Fiji social scientist Dr Asesela Ravuvu described the Vanua as:”The living soul or human manifestation of the physical environment which the members have since claimed to belong to them and to which they also belong. The land is the physical or geographical entity of the people, upon which their survival…as a group depends. Land is thus an extension of the self. Likewise, the people are an extension of the land. Land becomes lifeless and useless without the people, and likewise the people are helpless and insecure without land to thrive upon.”

Therein lies the dilemma for the I’Taukei who no longer recognises the Mataqali he or she belongs to in Aotearoa NZ, having been away from the family clan.

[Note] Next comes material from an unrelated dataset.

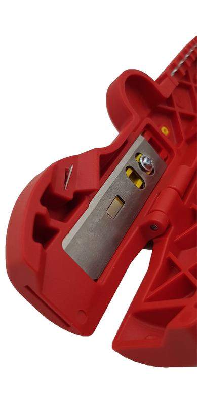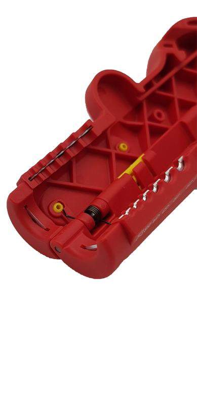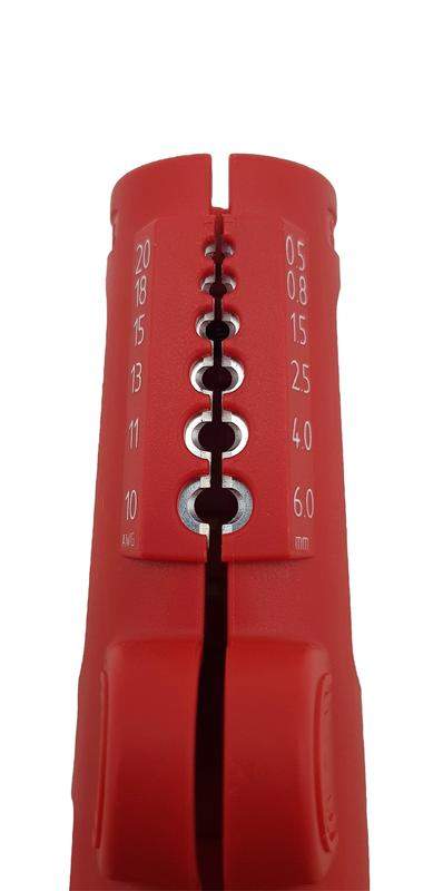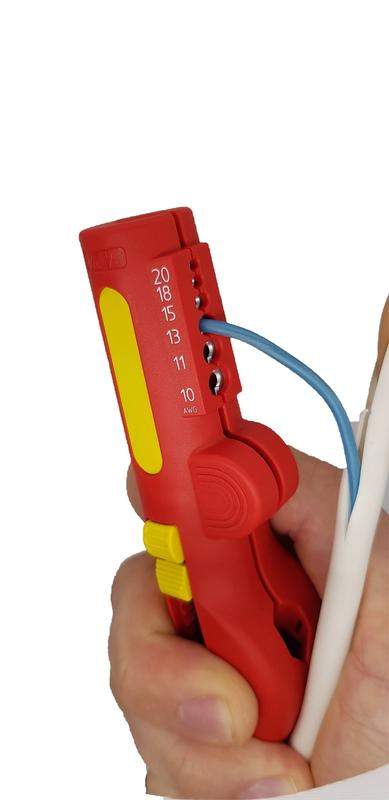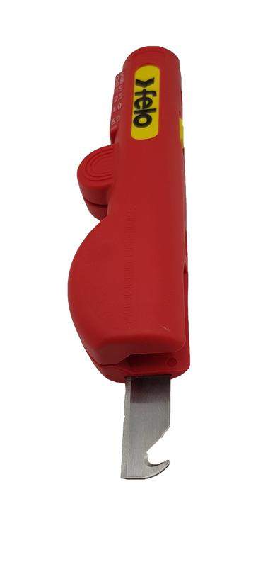 Многофункциональный инструмент для снятия изоляции Felo 58401611 предназначен для зачистки всех распространенных круглых кабелей диаметром от 8 до 13 мм. Он не требует установки глубины резки, так как высокопрочное лезвие специальной формы, покрытое нитрид-титаном, автоматически подстраивается к размеру кабеля. Инструмент имеет несколько лезвий различного назначения: для продольной и поперечной резки оболочки, также выдвижной нож для резки кабеля, устройство для снятия изоляции для круглых проводников сечением от 0,5 до 6,0 мм. Нож не используется при работе под напряжением, т.к. не имеет диэлектрического покрытия.

With that comes the loss of identity and a reversion and accession to the Western World and hence that brings its own problems.

As Niuean Dr Collin Tukuitonga, who left Fiji after the 1987 coup, assesses: “People feel disconnected from their social norms and traditional values, family connections are disturbed and of course that is almost an inevitable consequence that young people in particular would turn to drugs and crime. That is why I see languages as a protective element for our people.”

The impacts of the loss identity can be devastating, but HOPE party leader Roko Tupou Draunidalo, stepdaughter of the 1987 Prime Minister Timoci Bavadra, has a different take on the subject.

“I am otherwise of the view that every Fijian born in Fiji or anywhere in the Pacific or with Fijian ancestry that lived in the Pacific with Pacific cultures and interactions is Fijian and therefore a Pacific Islander,” she says with conviction.

Culture alive and well
“I’Taukei have not lost their culture, it is alive and well and you need to go any village or I’Taukei home to realise that.”

However, that is not case in Aotearoa NZ. That Ryan Gounder was recognised for his work by the Ministry of Pacific Peoples despite being Indo-Fijian is a rarity rather than the norm.

The Search for the Indo-Fijian identity will require an act of Parliament so that they are differentiated from Southeast Asian Indians.

Currently they have to tick the Indian box in the census and are not recognised by some universities as Pasifika Peoples.

Vijay Naidu
Professor Vijay Naidu … former NZ Prime Minister Helen Clark strongly of the view that Indo-Fijians are “Pasifika”. Image: Sri Krishnamurthi/PMC

As Professor Vijay Naidu explains: “In response to a letter from Lorraine Pillay in early 2000 which inquired whether Indo-Fijians were ‘Pasifika’, the then PM Helen Clark’s office responded strongly in the affirmative.”

Pillay raised this identity question when she was told in a Wellington workshop for senior teachers and principals of secondary schools that Indo-Fijians were not eligible for scholarships as they were not considered to be “Pasifika”.

In sharp contrast to this standpoint, when I joined Victoria University of Wellington, Pasifika staff and students, and the wider community welcomed me as a “Pasifika” person.

As Professor Brij Lal has stated, generations of living in Fiji have changed our identity and outlook. We are indeed children of the ‘Pacific’!”